One of my favorite parts of spring and early summer is watching all of the wild birds trying to "wow" their mate. A good share of them do this on our deck rail, so we always get a kick out of all of their fancy moves. I finally caught a little footage of a male purple finch doing his dance today, so I thought I'd share.
What do you think the little lady is thinking? Total boredom, hmm he looks interesting, WOW!, etc.?



I took this through a window, so it's not the greatest quality, but you can still get the better part of it.


----------



## nailalc (Mar 17, 2006)

I love watching the birds come to our numerous feeders. Saw the same displays from purple finches a couple of weeks ago, most times the female just flies away leaving the male wondering what went wrong.

This year is the first year that we've ever had orioles visit. I saw one in the neighborhood and put grape jelly out and they've been consistent visitors every since. Even the robins are eating the jelly, I've never seen that.


----------



## cs_gardener (Apr 28, 2006)

I enjoyed watching the display, even if the female seemed somewhat underwhelmed. Thank you for sharing, I don't have the opportunity to witness that type of display here and it's such fun to see.


----------



## Tex Gal (Nov 1, 2007)

That's so cute. He's saying "Hey baby! Look at this! How do you like this! Come on baby! No one compares to me!"

Kinda the same with humans, isn't it?!


----------



## jazzlvr123 (Apr 29, 2007)

Tex Gal said:


> That's so cute. He's saying "Hey baby! Look at this! How do you like this! Come on baby! No one compares to me!"


hahahahha thats great


----------



## Six (May 29, 2006)

That's awesome! I'm jealous! I never get to see songbirds often, let alone displaying! Very cool.

If you guys liked that, You'll love the Planet Earth series, I think the deciduous forest episode with the birds of paradise:









i didnt know purple finches displayed so similarly. i guess i thought they just sang to their ladies! LOL.


----------



## Tex Gal (Nov 1, 2007)

Six - Is that planet earth series just the coolest series you've ever seen!! I've watch many of them and still come away with my jaw on the ground and my eyes bugged out!!! [smilie=b:


----------



## JanS (Apr 14, 2004)

LOL! Yes, I get the biggest kick out of all of their different displays.

I need to get the HD version of Planet Earth one of these days too, so I can see it in it's full spectrum.

nailalc, aren't the Orioles cool? We have them come through every year, and this year a female almost emptied our Hummingbird feeder, but about the time I get an actual Oriole feeder out, they are gone again. I do put orange halves out for them and they like it, plus a bunch of other birds also indulge, so it's worth it.
We also try to put jam or jelly out for the Robins since it always has to snow quite a bit after they get here and I worry about them.

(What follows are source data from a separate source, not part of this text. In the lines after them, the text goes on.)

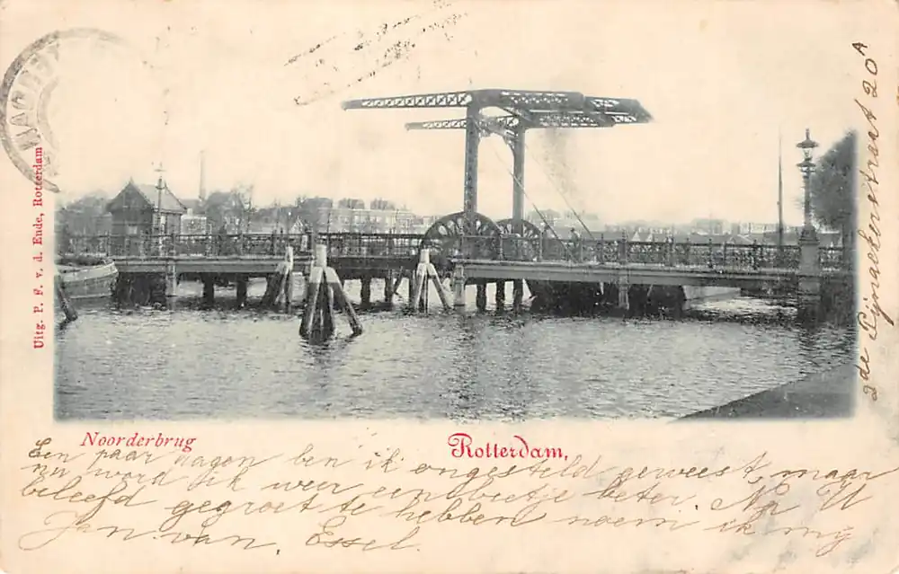 Uitg. P.F. v.d. Ende, Rotterdam. Gelopen ansichtkaart met stempels en bijna geheel verwijderde postzegel.
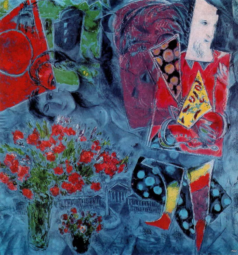 В последние двадцать лет жизни в его живописной манере все чаще встречаются повторы. Однако мазок его остается столь же выразительным, картины столь же поэтичными, а живопись в целом по-прежнему исполнена проникновенного лиризма. Через все творчество Шагала проходит тема жизни как неиссякаемого источника удивления. Рука Всевышнего постоянно проявляет себя в творении, и откровение о его существовании доступно сердцу человека. Художник в глазах Шагала — это мастер, помогающий людям испытывать радостное удивление и глубокие переживания. Многие критики проводили параллель между этой картиной Шагала и "Бурей" Шекспира. Есть и прямая связь между образом волшебника и шекспировским Просперо, говорящим: "Теперь власть чар моих пропала, А силы собственной мне мало". Как и Просперо, художник- волшебник Шагал готовится уйти со сцены, призывая на последний поклон тот иллюзорный мир, что успел полюбиться публике: влюбленных, цветы, руки, образы богов.
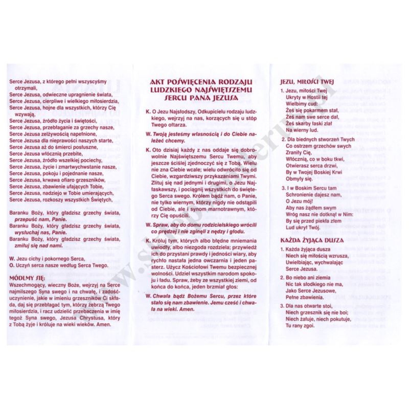 Litania do Najświętszego Serca Pana Jezusa w postaci folderu w formacie po złożeniu 10 x 21 cm. Sprzedaż w paczkach po 25 szt.
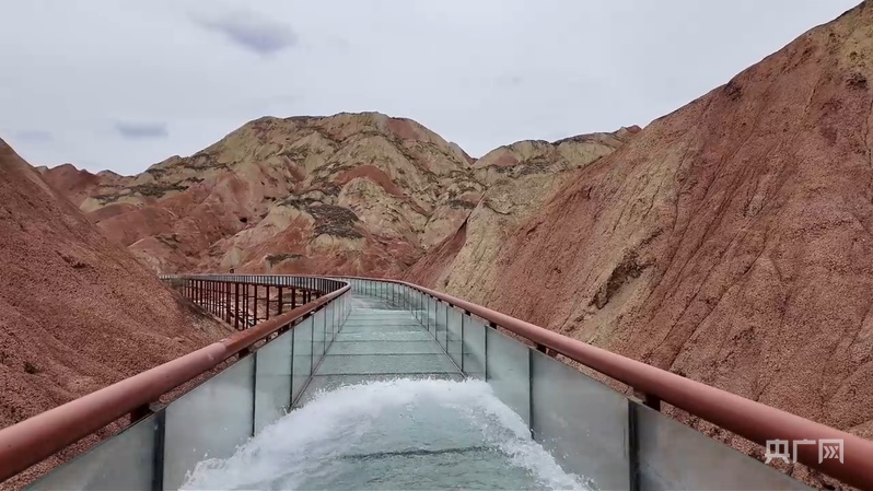 游客乘坐玻璃水滑道穿越丹霞谷底(央广网记者 魏晋雪摄)
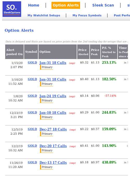 $GOLD [Jan-31 18 Calls] up +182.50% Alerted at $0.40 on Jan 10 2020 11:37AM Peak after alert $1.13 on 2020-01-27 Daily Progress: https://sleekoptions.com/st.aspx?ald=bcf53e5b-94e8-4ec1-ac46-6866bd5431da … -

Right now we have a bird out there that is perfectly emulating a cell phone ringing, right down to the timing between rings. The first day I heard it I had to look all over thinking someone left a phone out there somewhere, but it's coming out of a tree, so I can only assume it's a starling since they are such good mimics.... LOL!


----------



## Bert H (Mar 2, 2004)

Great clip, Jan.


----------



## JoyfulGirl (Nov 19, 2004)

I dunno what the lady bird is thinking but I'm wondering why male birds naturally know how important dancing is and it can be such a difficult concept to get across to male humans...


----------



## Brilliant (Jun 25, 2006)

That video is awesome! 

This year I got to see the Northern Flicker showing off.

Thanks for the tip on the jelly. I've seen an Oriole twice and enjoy watching different birds in the yard.


----------